In a further scheme, the step of controlling the sliding distance of the upper air deflector and the sliding distance of the lower air deflector according to the operation stage comprises the following steps: when the operation stage is a first operation stage, controlling the upper air deflector and the lower air deflector to form an air outlet direction at a first preset angle; when the operation stage is a second operation stage, controlling the upper air deflector and the lower air deflector to form an air outlet direction of a second preset angle; when the operation stage is a third operation stage, controlling the upper air deflector and the lower air deflector to form an air outlet direction of a third preset angle; and when the operation stage is a fourth operation stage, controlling the upper air guide plate and the lower air guide plate to form an air outlet direction of a fourth preset angle.

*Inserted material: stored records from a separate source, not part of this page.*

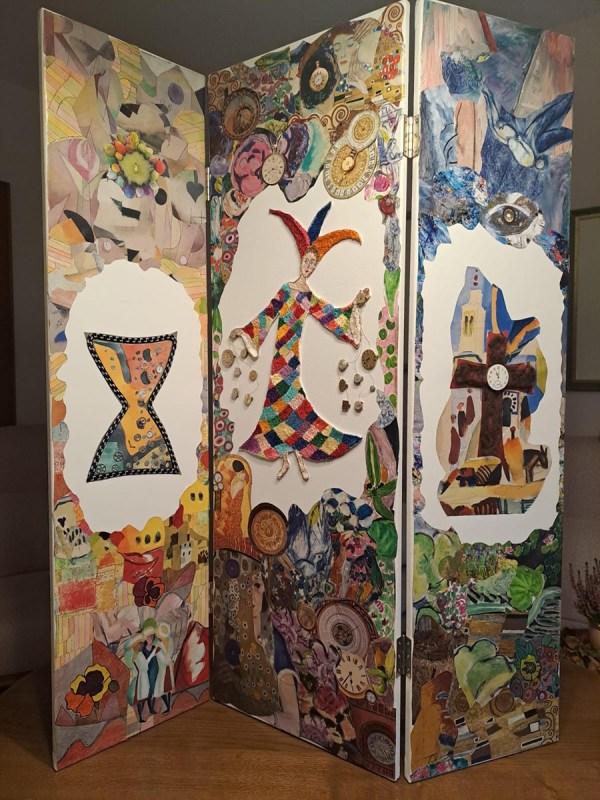 Das Krea-Team besteht aus einer Frauengruppe, die seit über 30 Jahren in unterschiedlichsten kreativen Bereichen tätig ist. Dieses Mal lag der Fokus auf der Malerei: Jede Teilnehmerin gestaltete einen dreiteiligen Paravent – ohne thematische Vorgaben. Das Ergebnis ist eine Vielfalt an Farben und Formen, die dem Kirchenraum eine besondere Atmosphäre verleihen.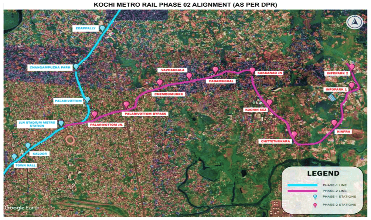- 11.2 km Elevated Pink Line: Fully elevated viaduct corridor extends Phase-I at JLN Stadium to Infopark/Smart City via Kakkanad. It is designed for seamless integration with the existing metro network.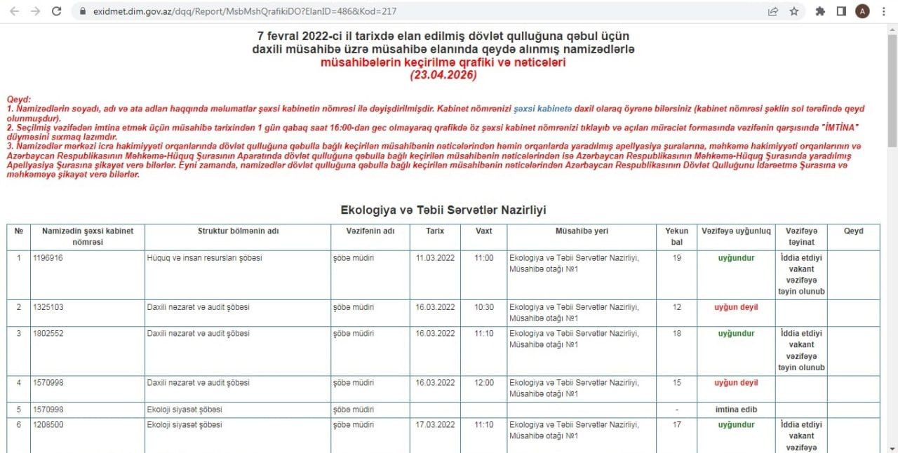 Məsələn, 7 fevral 2022-ci ildə “dövlət qulluğuna qəbul üçün daxili müsahibə” keçirilməsi barədə elan verilir. Namizədlər qeydə alınır və mart ayında müsabiqələr başlayır.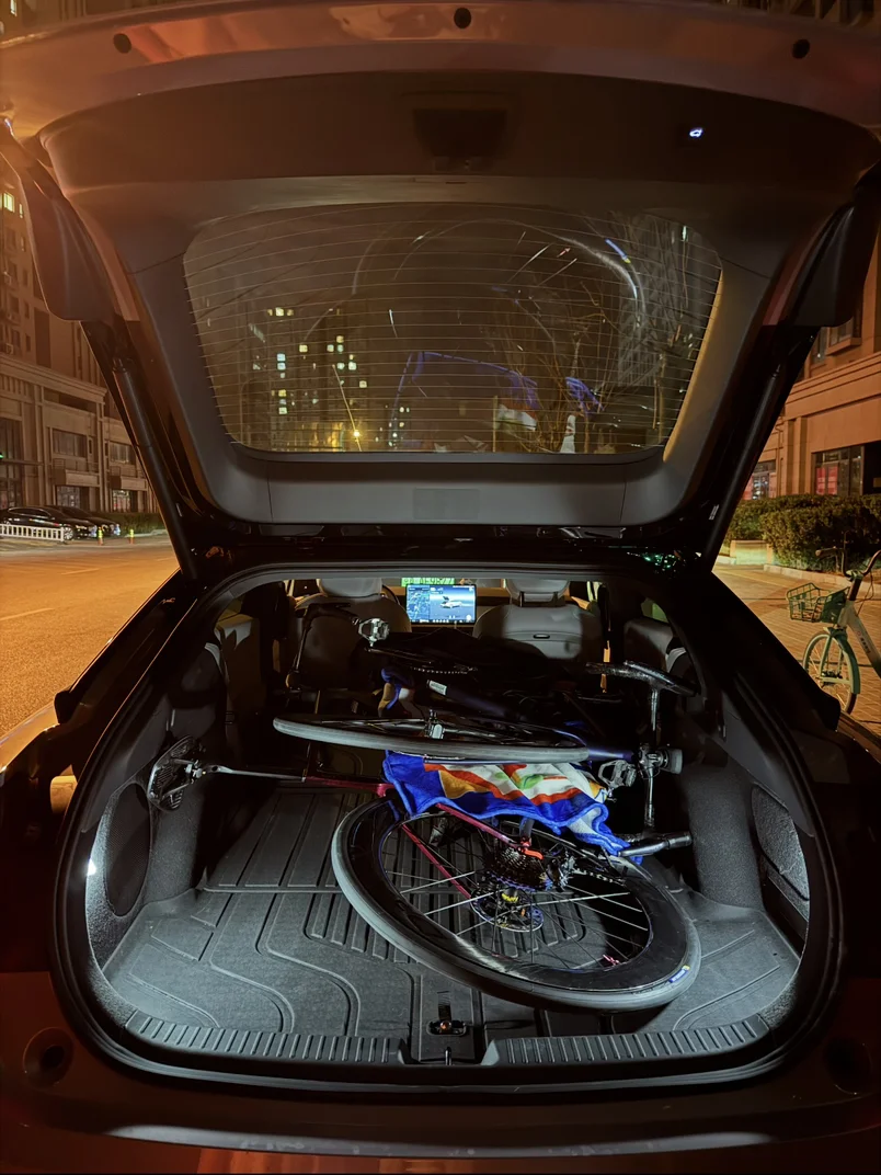 后备箱空间超大,公路车、山地车轻松装下,不用折叠也能放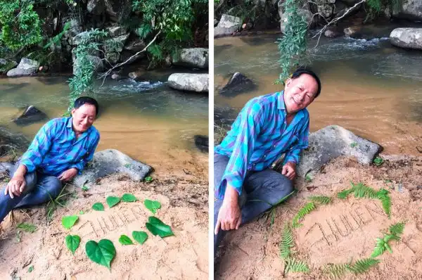 «Папа влюбился в одну даму и, когда мы отправились в поход, написал ее имя на песке и отправил ей эти фотки»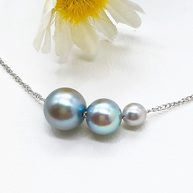 SVあこやグレー真珠3ピーススルーネックレス・長さ40センチ(商品番号15-875)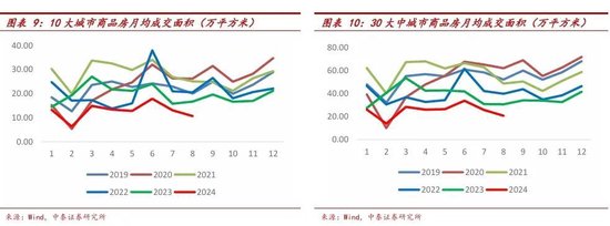 7月、8月按揭贷款需求景气度跟踪:10大和30大城市商品房7月成交面积分别为13.09和25.82万平方米,在季节性因素作用下回落,销售面积仍低于往年同期水平。8月到目前为止10大和30大城市商品房成交面积分别为10.67和20.74万平方米,较7月边际走低。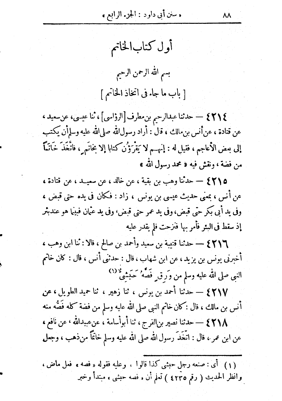 4218 - حَدَّثَنَا نُصَيْرُ بْنُ الْفَرَجِ، حَدَّثَنَا أَبُو أُسَامَةَ، عَنْ عُبَيْدِ اللَّهِ، عَنْ نَافِعٍ، عَنِ ابْنِ عُمَرَ، قَالَ: §اتَّخَذَ رَسُولُ اللَّهِ صَلَّى اللهُ عَلَيْهِ وَسَلَّمَ خَاتَمًا مِنْ ذَهَبٍ، وَجَعَلَ -[89]- فَصَّهُ مِمَّا يَلِي بَطْنَ كَفِّهِ، وَنَقَشَ فِيهِ مُحَمَّدٌ رَسُولُ اللَّهِ، فَاتَّخَذَ النَّاسُ خَوَاتِمَ الذَّهَبِ، فَلَمَّا رَآهُمْ قَدِ اتَّخَذُوهَا رَمَى بِهِ، وَقَالَ: «لَا أَلْبَسُهُ أَبَدًا»، ثُمَّ اتَّخَذَ خَاتَمًا مِنْ فِضَّةٍ، نَقَشَ فِيهِ مُحَمَّدٌ رَسُولُ اللَّهِ، ثُمَّ لَبِسَ الْخَاتَمَ بَعْدَهُ أَبُو بَكْرٍ، ثُمَّ لَبِسَهُ بَعْدَ أَبِي بَكْرٍ عُمَرُ، ثُمَّ لَبِسَهُ بَعْدَهُ عُثْمَانُ، حَتَّى وَقَعَ فِي بِئْرِ أَرِيسٍ " قَالَ أَبُو دَاوُدَ: «وَلَمْ يَخْتَلِفِ النَّاسُ عَلَى عُثْمَانَ حَتَّى سَقَطَ الْخَاتَمُ مِنْ يَدِهِ»

Therefore, in different operation stages, the corresponding preset angle is used for blowing, and the blowing requirements in different operation stages can be met.

In a further scheme, the current working scene comprises a long-distance blowing scene and a short-distance blowing scene.

Therefore, the current working scene comprises a long-distance blowing scene and a short-distance blowing scene, and blowing control can be performed according to long-distance blowing and short-distance blowing, so that the comfort is improved.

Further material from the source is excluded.